*DATASET EXTRACT*.

===

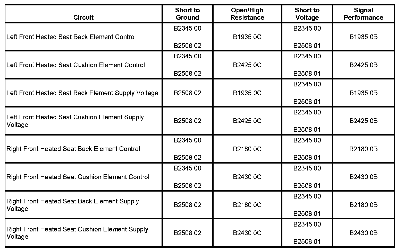 - Seat Heater Relay Circuit Shorted to Battery or Open
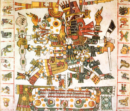 Figura 2 Mictlantecuhtli y Quetzalcóatl en el códice Borgia como representación de la dualidad. Fuente: códice Borgia, https://www.meisterdrucke.es/impresion-artística/Mixtec/269602/Copia-facsímilde-una-página-del-códice-Borgiaque-representa-a-los-dioses-dela-Muerte-y-la-Vida-colocadosuno-al-lado-del-otro.html.
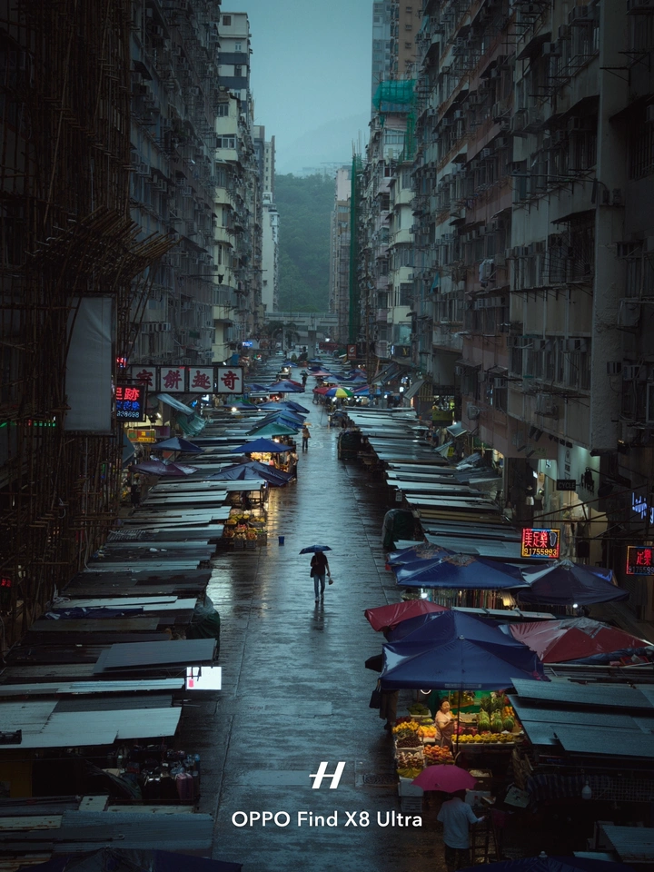 香港街头的夜景,霓虹灯闪烁,港式招牌散发着独有的港风韵味。OPPO Find X8 Ultra 就像一位隐藏的摄影大师,把这迷人的夜景与人像完美融合。

===

Could you copy the data above exactly, leaving the pictures out?

 - Seat Heater Relay Circuit Shorted to Battery or Open
 Figura 2 Mictlantecuhtli y Quetzalcóatl en el códice Borgia como representación de la dualidad. Fuente: códice Borgia, https://www.meisterdrucke.es/impresion-artística/Mixtec/269602/Copia-facsímilde-una-página-del-códice-Borgiaque-representa-a-los-dioses-dela-Muerte-y-la-Vida-colocadosuno-al-lado-del-otro.html.
 香港街头的夜景,霓虹灯闪烁,港式招牌散发着独有的港风韵味。OPPO Find X8 Ultra 就像一位隐藏的摄影大师,把这迷人的夜景与人像完美融合。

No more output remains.